Bayern 2

     

radioTexte - Das offene Buch "salam, yamen" - "Lieber Said" - ein Dialog (2/2)

Yamen Hussein vor der zerstörten Stadt Homs, Said vor einem Kriegsbild aus Teheran | Bild: picture-alliance/dpa, Cornelia Zetzsche; Montage: BR

Sonntag, 12.03.2017
11:00 bis 11:30 Uhr

  • Als Podcast verfügbar

BAYERN 2

Der iranisch-deutsche Dichter Said, der vor Jahrzehnten den Schergen des Schahs und Khomeinis entkam und der syrische Dichter und Exilant Yamen Hussein tauschen sich aus über Flucht und Ankunft, Heimatverlust und Sprache, Gewalt und Poesie.
Ein Gespräch in Briefen und Gedichten, vor der ersten Begegnung am 9. März 2017 im Literaturhaus München
Live Musik: Roman Bunka (Oud)

Sie leben in einer Stadt und kennen sich nicht. Der eine ist halb so alt wie der andere, aber beiden gemeinsam ist die Ankunft in der Fremde. Yamen Hussein, Mitte dreißig, floh 2013 aus Syrien und kam 2014 über den Libanon und die Türkei nach Deutschland. Der Dichter Said, 70, stammt aus Teheran, wollte 1965 in München studieren und blieb „als flüchtling, seit beinah fünfzig jahren“, wie er schreibt.

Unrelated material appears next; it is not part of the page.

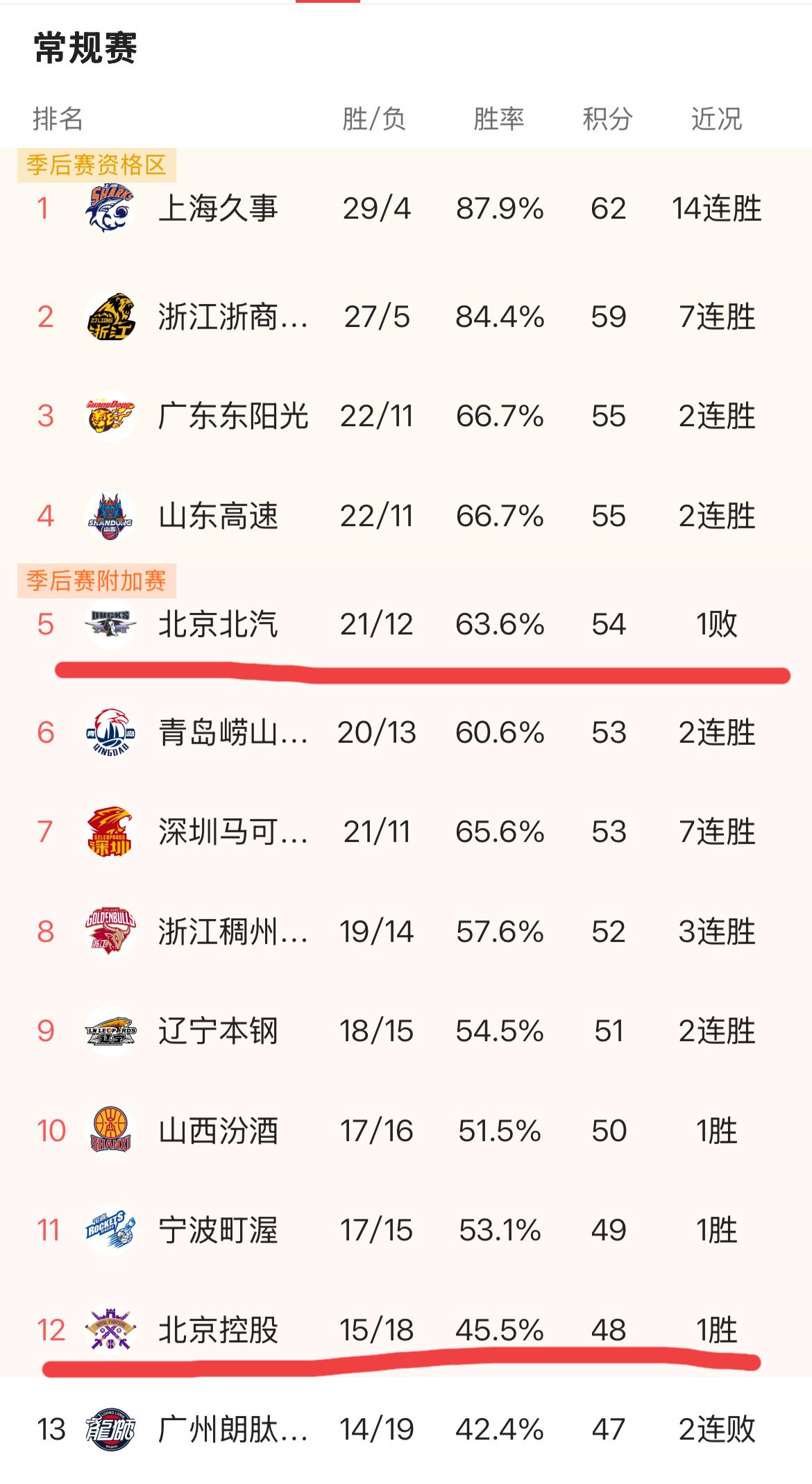 惊险卡位!北京德比或首轮上演,北控真要复刻黑12奇迹? 一场比赛直接改写季后赛对阵!北汽惨败跌出前四,跌至第5;北控末节逆袭卡位,稳住第12。 一上一下,两队极有可能在季后赛首轮直接上演京城德比。 北汽如今硬仗不稳,阵容年龄偏大,高强度比赛体能隐患突出,关键战经常掉链子。 北控则毫无压力、拼劲拉满,上赛季已有以下克上的黑马经历,常规赛还客场88:82击败北汽,心理和打法都不吃亏。 真要是德比相遇,北控完全有机会再次一黑到底,复刻黑12奇迹! CBA 北京德比 北控男篮 北京首钢男篮 CBA季后赛

Said, der im Deutschen seine Heimstatt fand, seine Lingua Franca und seit 1975 seine literarische Ausdrucksform, wandelte sich vom Technik-Studenten zum Poeten, wurde Chamisso-Preisträger, war zwei Jahre PEN-Präsident und macht, in Lyrik und Prosa, immer wieder auch autobiographisches Material zum literarischen Stoff: die Kindheit in Teheran, die fremde Mutter, die er erst mit 43 Jahren kennenlernte, die Revolution der Islamisten unter Khomeini. „ salam yamen, sei du herzlich willkommen in deutschland, im territorium der deutschen sprache, seiner eigentlichen gastgeberin“, begrüßt er den Dichter und Journalisten

Yamen Hussein aus Homs, der mit kritischen Artikeln gegen die Eingriffe des Staates in die Pressefreiheit ins Visier der Machthaber geraten war, der von der Universität verwiesen, vom Geheimdienst verfolgt und bedroht wurde; der 2011 über die Proteste in Homs und Hama berichtet und das „Nabd Bündnis für die Jugend Syriens“ mitbegründet hatte. Ein politischer Kopf, ein Poet, ein Geflüchteter, dem „die Sprache, die Straßen und die Musik stets ein Trost waren“, der nun Deutsch lernt und sich als „Writer in Exile“, als Gast des PEN, einfügt in dieses für ihn neue Land; der zurück möchte und der Said antwortet: „Ich habe Angst, Du zu werden“, das heißt: ein „flüchtling seit bald fünzig jahren“. Aber mit dem Krieg in Syrien scheint seine Rückkehr ferner denn je.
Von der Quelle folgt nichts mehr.